- _Exercise data_:
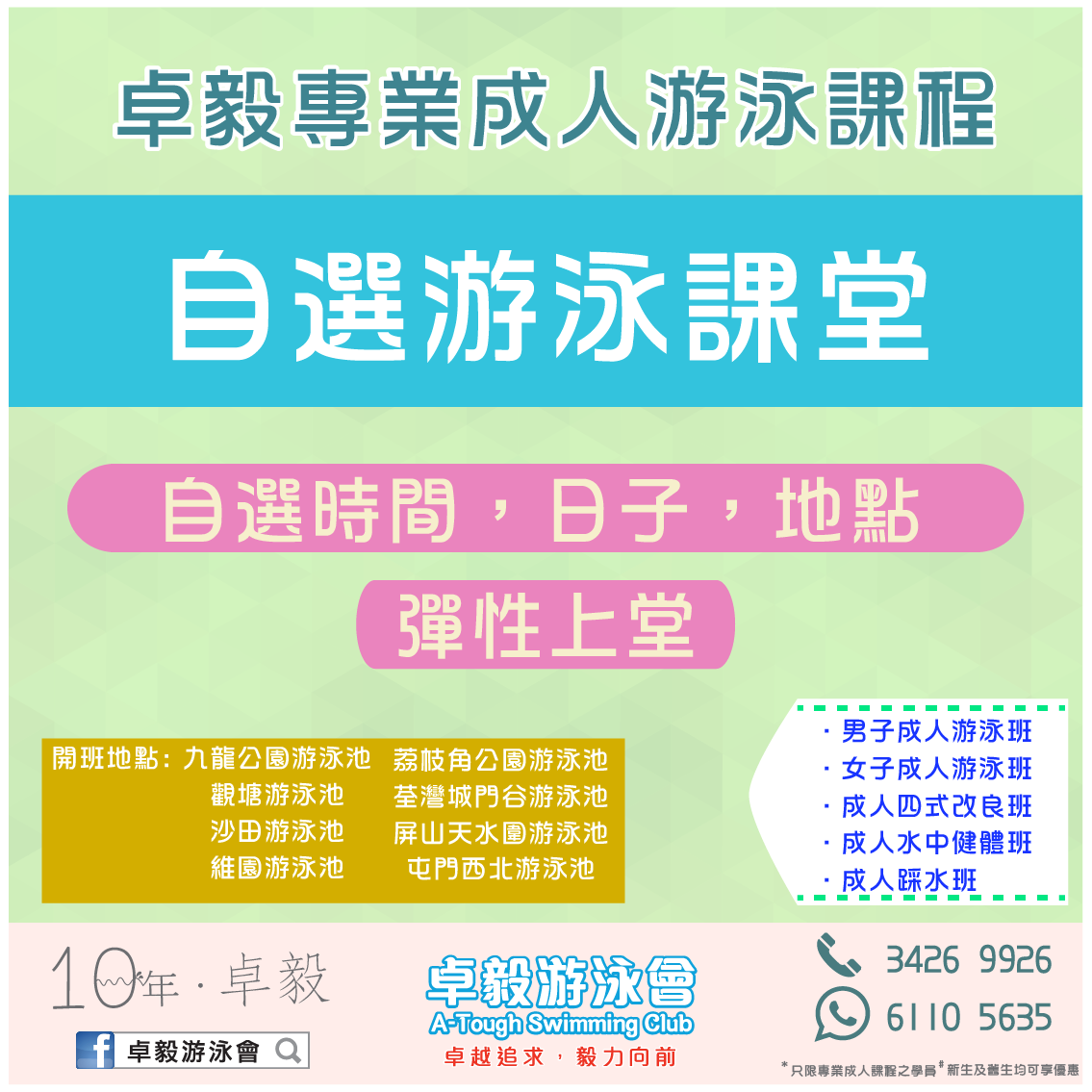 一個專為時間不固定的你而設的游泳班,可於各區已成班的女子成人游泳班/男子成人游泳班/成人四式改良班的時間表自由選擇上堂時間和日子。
* * *
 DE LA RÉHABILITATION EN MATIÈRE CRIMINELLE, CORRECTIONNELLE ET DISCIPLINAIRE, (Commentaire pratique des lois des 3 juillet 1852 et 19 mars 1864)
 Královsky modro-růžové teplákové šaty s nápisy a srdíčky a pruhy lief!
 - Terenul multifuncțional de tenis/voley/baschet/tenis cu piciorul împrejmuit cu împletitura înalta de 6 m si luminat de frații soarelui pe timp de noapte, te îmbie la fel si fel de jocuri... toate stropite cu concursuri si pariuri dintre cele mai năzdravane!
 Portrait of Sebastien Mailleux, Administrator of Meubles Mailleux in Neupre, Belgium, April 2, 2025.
...
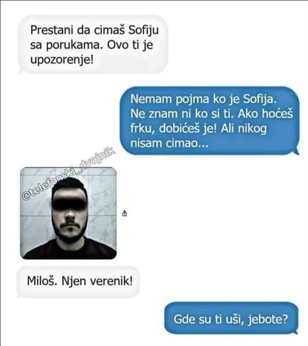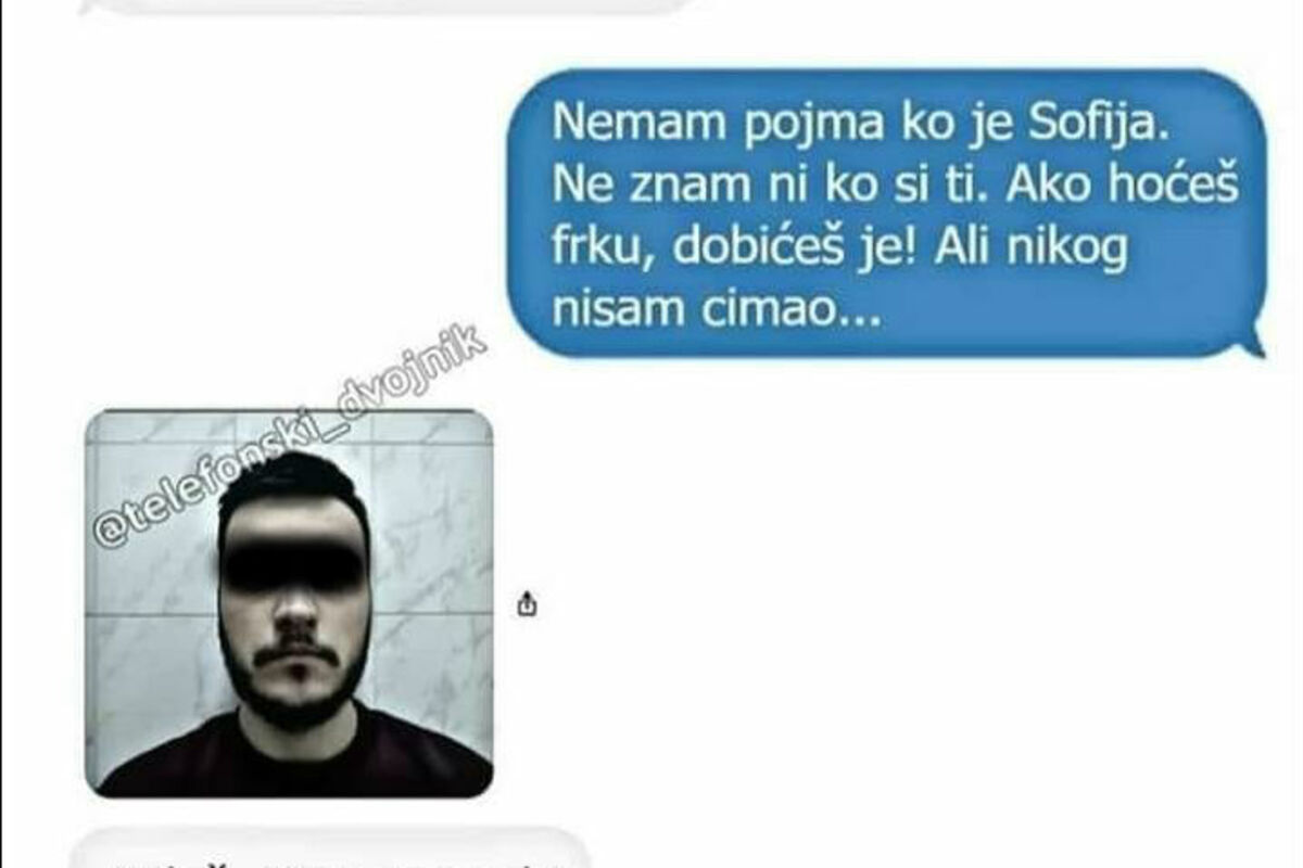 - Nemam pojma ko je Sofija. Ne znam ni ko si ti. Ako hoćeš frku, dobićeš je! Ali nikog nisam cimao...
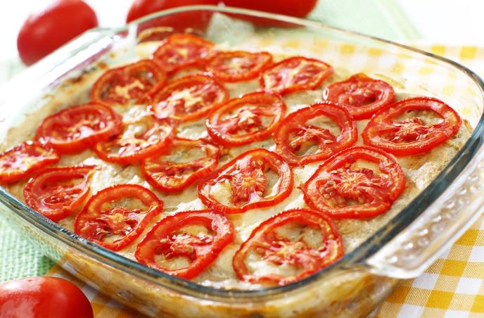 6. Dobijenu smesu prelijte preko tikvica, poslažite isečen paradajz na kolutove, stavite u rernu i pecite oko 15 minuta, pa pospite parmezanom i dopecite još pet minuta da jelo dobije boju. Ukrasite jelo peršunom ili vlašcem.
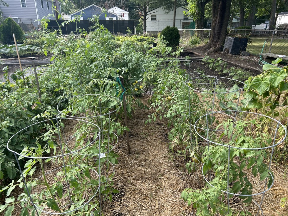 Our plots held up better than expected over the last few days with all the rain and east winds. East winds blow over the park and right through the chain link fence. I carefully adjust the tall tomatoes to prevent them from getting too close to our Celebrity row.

- _Task instructions_:
The output is the stretch above from the line with "- Nemam pojma" through the line with "Our plots held", copied word for word with both ends kept and every picture dropped.

- _Reply to the task_:
 - Nemam pojma ko je Sofija. Ne znam ni ko si ti. Ako hoćeš frku, dobićeš je! Ali nikog nisam cimao...
 6. Dobijenu smesu prelijte preko tikvica, poslažite isečen paradajz na kolutove, stavite u rernu i pecite oko 15 minuta, pa pospite parmezanom i dopecite još pet minuta da jelo dobije boju. Ukrasite jelo peršunom ili vlašcem.
 Our plots held up better than expected over the last few days with all the rain and east winds. East winds blow over the park and right through the chain link fence. I carefully adjust the tall tomatoes to prevent them from getting too close to our Celebrity row.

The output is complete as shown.